【LeetCode】 925. Long Pressed Name 長按鍵入（Easy）（JAVA）

題目位址: https://leetcoden.com/problems/long-pressed-name/

題目描述：

Your friend is typing his name into a keyboard.  Sometimes, when typing a character c, the key might get long pressed, and the character will be typed 1 or more times.

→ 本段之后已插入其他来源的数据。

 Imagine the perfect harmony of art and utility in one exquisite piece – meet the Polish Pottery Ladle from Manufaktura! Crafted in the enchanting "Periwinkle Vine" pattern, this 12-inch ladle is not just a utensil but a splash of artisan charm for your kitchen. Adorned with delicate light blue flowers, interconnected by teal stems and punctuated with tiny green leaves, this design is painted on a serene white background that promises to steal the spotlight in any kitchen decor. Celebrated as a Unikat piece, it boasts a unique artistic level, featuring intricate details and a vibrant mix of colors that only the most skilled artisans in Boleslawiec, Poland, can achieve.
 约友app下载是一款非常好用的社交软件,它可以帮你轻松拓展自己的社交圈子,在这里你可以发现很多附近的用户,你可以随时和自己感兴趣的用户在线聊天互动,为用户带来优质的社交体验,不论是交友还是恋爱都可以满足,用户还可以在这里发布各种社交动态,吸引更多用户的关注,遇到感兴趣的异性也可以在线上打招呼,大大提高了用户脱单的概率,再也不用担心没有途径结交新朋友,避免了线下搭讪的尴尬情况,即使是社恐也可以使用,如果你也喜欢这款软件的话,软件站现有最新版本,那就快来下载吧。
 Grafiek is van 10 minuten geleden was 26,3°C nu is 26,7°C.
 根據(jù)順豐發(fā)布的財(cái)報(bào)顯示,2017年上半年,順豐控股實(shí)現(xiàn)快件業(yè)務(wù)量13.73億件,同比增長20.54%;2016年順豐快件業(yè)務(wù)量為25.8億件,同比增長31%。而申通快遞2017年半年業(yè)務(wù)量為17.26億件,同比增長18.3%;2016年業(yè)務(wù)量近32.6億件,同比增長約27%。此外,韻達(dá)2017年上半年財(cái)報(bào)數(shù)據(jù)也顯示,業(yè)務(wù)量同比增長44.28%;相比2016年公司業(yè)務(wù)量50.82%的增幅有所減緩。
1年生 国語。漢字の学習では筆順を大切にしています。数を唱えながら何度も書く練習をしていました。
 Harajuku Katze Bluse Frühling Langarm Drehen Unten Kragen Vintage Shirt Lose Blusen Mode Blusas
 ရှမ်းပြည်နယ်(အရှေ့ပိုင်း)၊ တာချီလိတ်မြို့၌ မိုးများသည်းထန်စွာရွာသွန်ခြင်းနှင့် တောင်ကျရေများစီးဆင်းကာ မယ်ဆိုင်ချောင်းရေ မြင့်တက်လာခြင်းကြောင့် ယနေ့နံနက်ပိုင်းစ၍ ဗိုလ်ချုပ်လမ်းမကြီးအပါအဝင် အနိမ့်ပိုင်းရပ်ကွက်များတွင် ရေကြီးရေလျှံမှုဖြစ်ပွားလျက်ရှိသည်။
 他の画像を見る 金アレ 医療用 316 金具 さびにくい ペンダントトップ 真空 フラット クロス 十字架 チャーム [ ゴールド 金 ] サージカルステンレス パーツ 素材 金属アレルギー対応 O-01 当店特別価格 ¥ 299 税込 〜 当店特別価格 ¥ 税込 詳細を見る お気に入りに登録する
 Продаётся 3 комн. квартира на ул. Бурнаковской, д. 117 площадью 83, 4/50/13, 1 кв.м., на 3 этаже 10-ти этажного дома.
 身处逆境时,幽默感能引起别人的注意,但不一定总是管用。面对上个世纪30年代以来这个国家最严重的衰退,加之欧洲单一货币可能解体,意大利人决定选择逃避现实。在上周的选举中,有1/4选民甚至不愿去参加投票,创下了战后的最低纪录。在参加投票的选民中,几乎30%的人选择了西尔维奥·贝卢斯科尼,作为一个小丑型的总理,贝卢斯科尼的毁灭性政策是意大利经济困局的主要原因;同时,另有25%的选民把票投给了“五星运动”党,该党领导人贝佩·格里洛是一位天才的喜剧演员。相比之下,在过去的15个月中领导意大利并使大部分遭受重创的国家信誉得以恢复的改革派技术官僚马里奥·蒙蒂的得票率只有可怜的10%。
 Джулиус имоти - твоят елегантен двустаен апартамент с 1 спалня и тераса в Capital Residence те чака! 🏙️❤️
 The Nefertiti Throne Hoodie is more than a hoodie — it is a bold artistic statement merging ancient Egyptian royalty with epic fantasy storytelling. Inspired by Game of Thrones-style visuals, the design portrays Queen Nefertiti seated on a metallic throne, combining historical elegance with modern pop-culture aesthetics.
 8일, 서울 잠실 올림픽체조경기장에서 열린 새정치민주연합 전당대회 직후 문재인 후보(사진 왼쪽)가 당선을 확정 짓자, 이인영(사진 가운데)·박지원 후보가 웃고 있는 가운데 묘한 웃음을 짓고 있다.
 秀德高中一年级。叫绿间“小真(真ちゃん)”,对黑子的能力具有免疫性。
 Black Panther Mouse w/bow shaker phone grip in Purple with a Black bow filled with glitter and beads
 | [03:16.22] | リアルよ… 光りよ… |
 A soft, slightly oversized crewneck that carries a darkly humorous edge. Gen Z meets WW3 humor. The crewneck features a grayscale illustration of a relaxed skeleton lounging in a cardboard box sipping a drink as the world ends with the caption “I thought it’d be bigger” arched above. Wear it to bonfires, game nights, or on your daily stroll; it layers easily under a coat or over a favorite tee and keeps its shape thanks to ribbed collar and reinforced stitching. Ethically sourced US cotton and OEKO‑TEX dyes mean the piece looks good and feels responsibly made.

You examine the typed characters of the keyboard.  Return True if it is possible that it was your friends name, with some characters (possibly none) being long pressed.

Example 1:

Input: name = "alex", typed = "aaleex"
Output: true
Explanation: 'a' and 'e' in 'alex' were long pressed.
           

Example 2:

Input: name = "saeed", typed = "ssaaedd"
Output: false
Explanation: 'e' must have been pressed twice, but it wasn't in the typed output.
           

Example 3:

Input: name = "leelee", typed = "lleeelee"
Output: true
           

Example 4:

Input: name = "laiden", typed = "laiden"
Output: true
Explanation: It's not necessary to long press any character.
           

Constraints:

• 1 <= name.length <= 1000
• 1 <= typed.length <= 1000
• The characters of name and typed are lowercase letters.

題目大意

你的朋友正在使用鍵盤輸入他的名字 name。偶爾，在鍵入字元 c 時，按鍵可能會被長按，而字元可能被輸入 1 次或多次。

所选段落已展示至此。